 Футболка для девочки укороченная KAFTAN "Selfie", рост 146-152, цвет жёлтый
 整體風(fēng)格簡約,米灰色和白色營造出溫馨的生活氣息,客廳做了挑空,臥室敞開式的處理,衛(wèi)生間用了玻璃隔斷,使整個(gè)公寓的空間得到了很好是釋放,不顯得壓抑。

++++

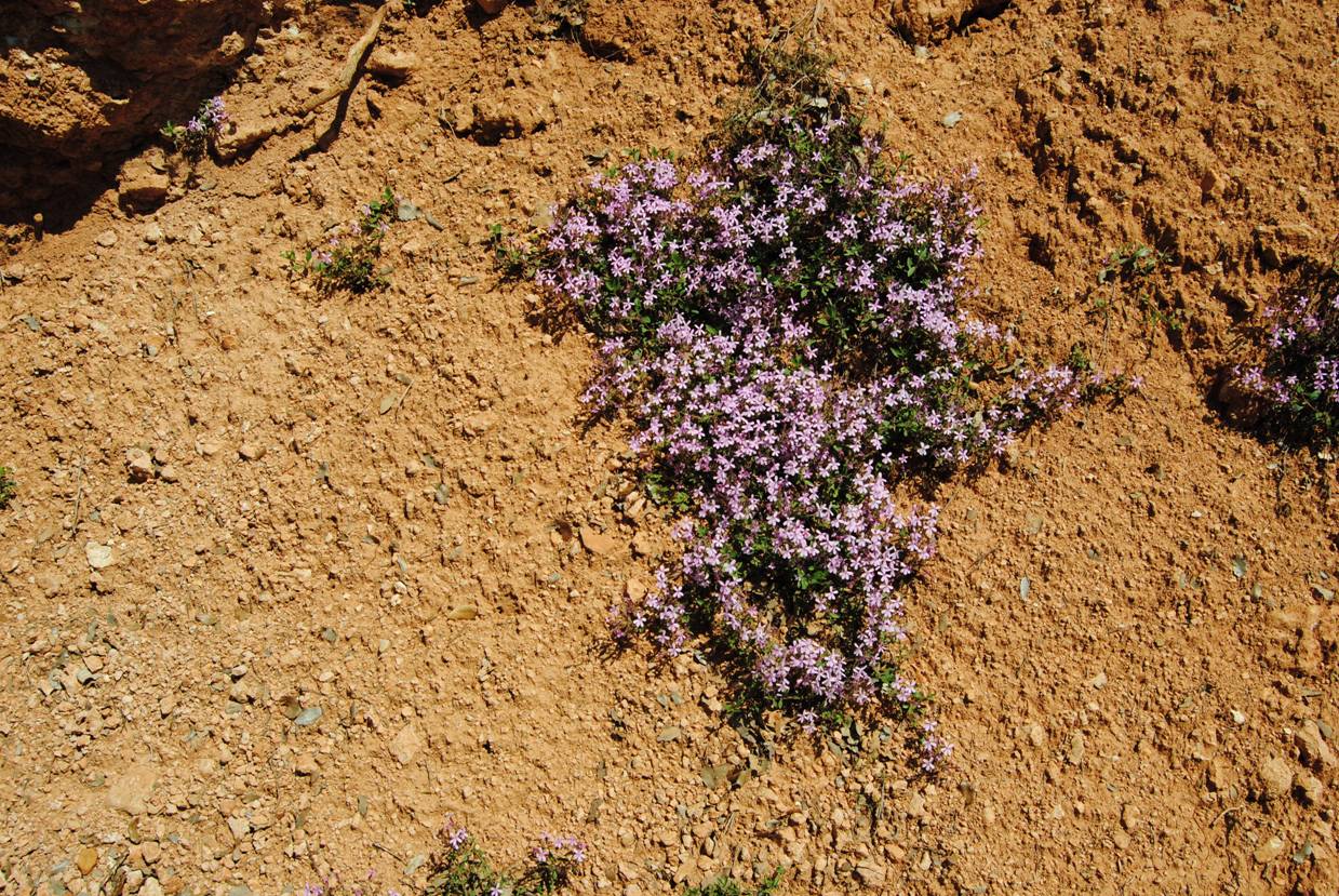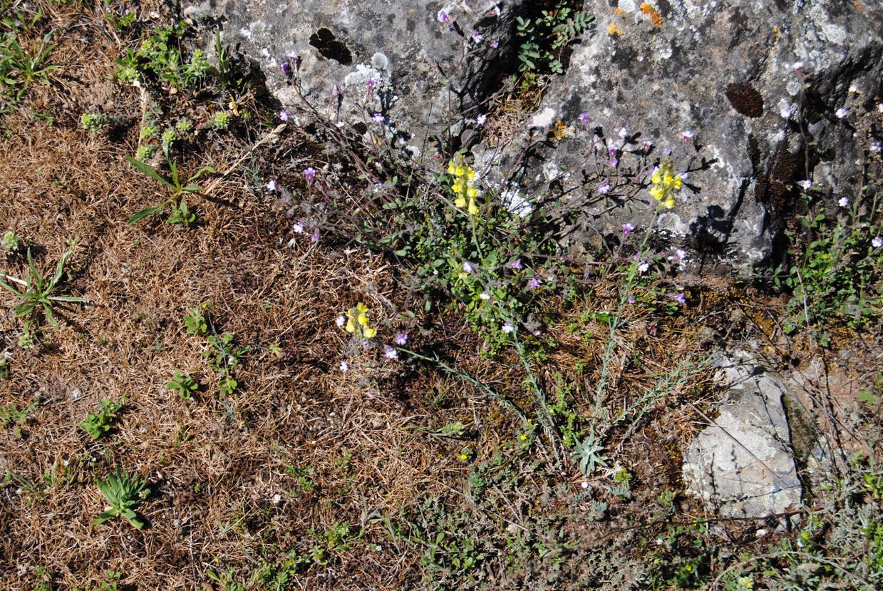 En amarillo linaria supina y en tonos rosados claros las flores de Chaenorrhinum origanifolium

++++

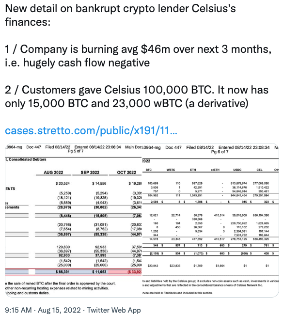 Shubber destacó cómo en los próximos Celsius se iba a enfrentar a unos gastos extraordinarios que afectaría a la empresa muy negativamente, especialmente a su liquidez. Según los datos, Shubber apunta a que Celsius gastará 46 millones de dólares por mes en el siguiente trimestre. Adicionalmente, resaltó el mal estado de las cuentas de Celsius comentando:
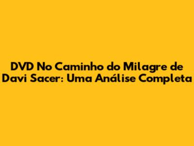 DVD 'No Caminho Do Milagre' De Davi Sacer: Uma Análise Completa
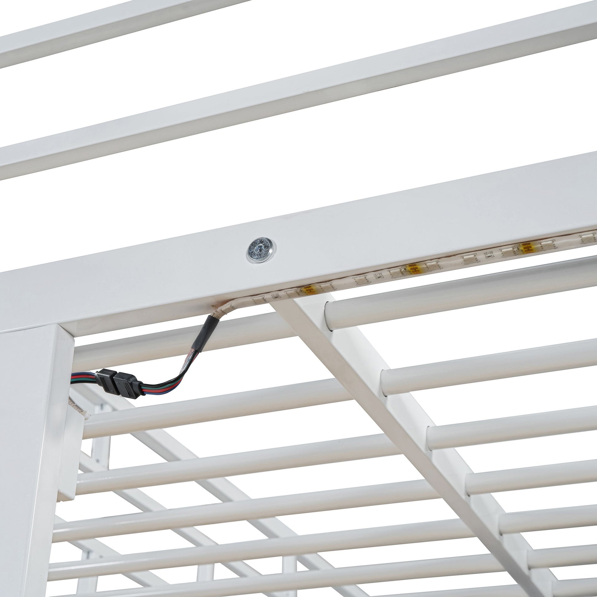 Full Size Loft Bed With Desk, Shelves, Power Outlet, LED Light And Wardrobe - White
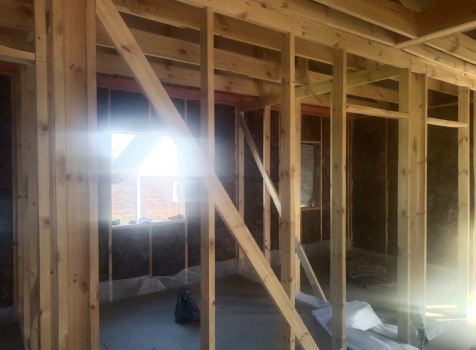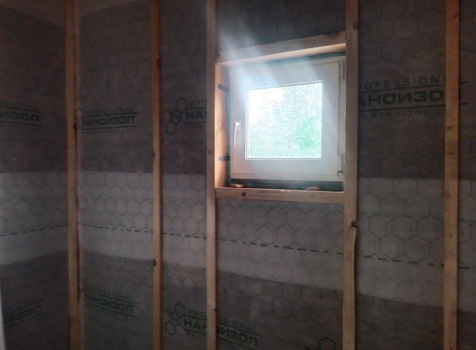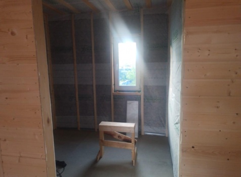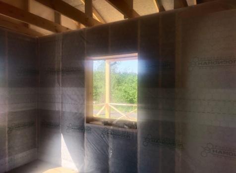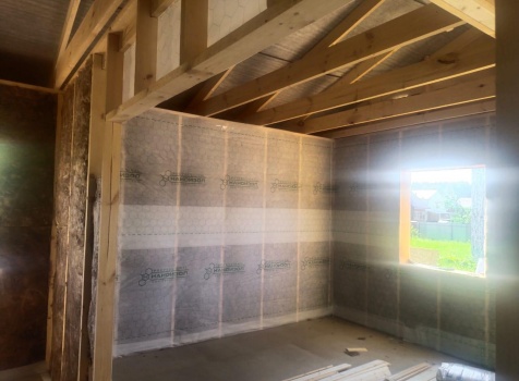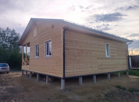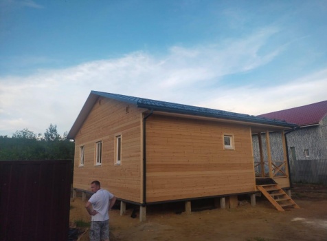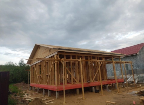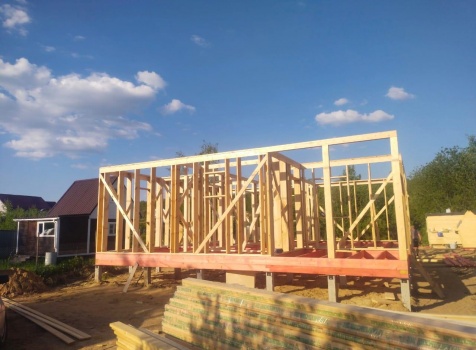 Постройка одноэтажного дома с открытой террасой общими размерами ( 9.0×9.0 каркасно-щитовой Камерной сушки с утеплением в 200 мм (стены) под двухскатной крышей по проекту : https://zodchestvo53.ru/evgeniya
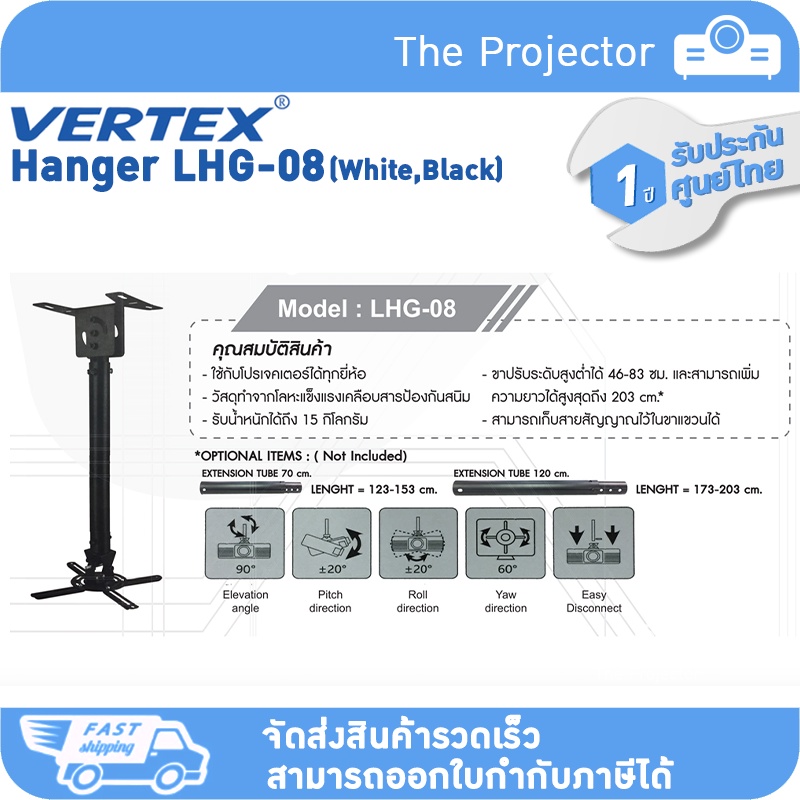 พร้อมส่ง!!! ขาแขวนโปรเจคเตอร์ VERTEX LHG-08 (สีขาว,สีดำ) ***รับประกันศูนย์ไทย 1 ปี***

++++

TASK ITEM:
In the entries above, find the line containing "DVD 'No Caminho" and the line containing "Full Size Loft"; give again exactly those two lines and every line between them, minus the pictures.

ANSWER SPACE:
 DVD 'No Caminho Do Milagre' De Davi Sacer: Uma Análise Completa
 Full Size Loft Bed With Desk, Shelves, Power Outlet, LED Light And Wardrobe - White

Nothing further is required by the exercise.